Would I ever do that many miles in one day again? Doubtful. Even though I was use to riding 100 plus miles on a weekend you would think another 50 is no big deal, but adding another 50 miles of grueling heat and climbing made me really sore all over. Now that I live in the flat lands of Indiana maybe I could do 158 miles but I just don't have any desire to spend that much time on a bike, I'm 59 now and I had back surgery last December, and back starts to ache at anything over 75 miles. I do however have plans in 15 years when I retire to tour across the USA using Cycling Adventure maps and maybe the east to west portion across use one of their organize trips then continue on my own after that leg. Hopefully by then the back will have settled down and I can do 50 mile daily average in relative comfort.

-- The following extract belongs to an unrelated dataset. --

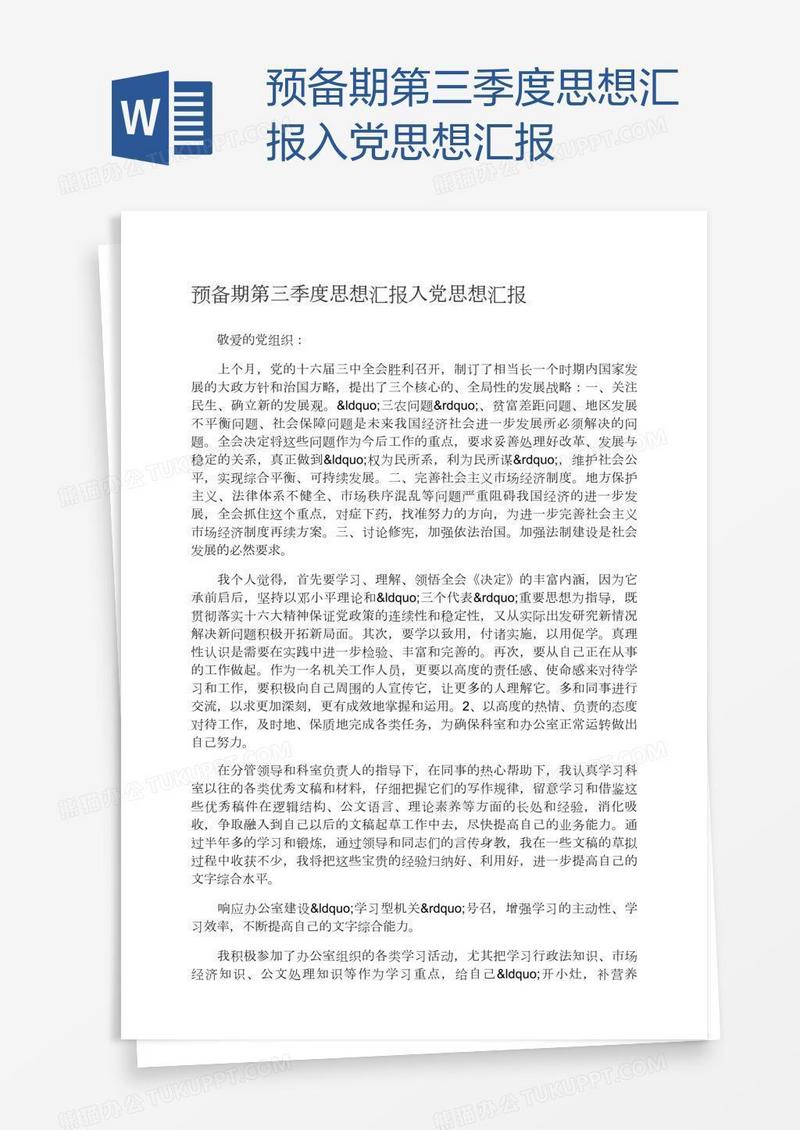 本作品为预备期第三季度思想汇报, 编号:k1b2rjgob1, 格式为 docx, 大小1 MB, 本作品下载后,先解压,解压之后用推荐软件 Word(2010) 打开, 然后进行编辑功能。

If you ever want an adventure you should try that. I know that Action Sports use to lead a group of cyclists once a year to Pismo Beach via the 58; and they have a weekly riding event where they all get together throughout the week and ride some place, check with them about their schedule. Some of those events get pretty spirited though so make sure you enquire about each one to see if your up to the challenge.

Get to know those people at Action Sports, the owner, Kerry Ryan was the team captain of the 2001 4 person RAAM team that won that division and set a course record. He knows what he's talking about. Highly knowledgeable and a very nice person in addition to being a honest but shrewd business man. When I lived there the only other bike shops in town worth anything was The Finish Line and Sniders, but they lacked in the knowledge and ability that Action Sports has or at least had. The only thing I didn't like about Action Sports was their dependence at the time on Trek/Bontrager as their majority of bicycles and gear they sold, so most accessories I bought came from the other two stores because they sold other brands I was more interested in. 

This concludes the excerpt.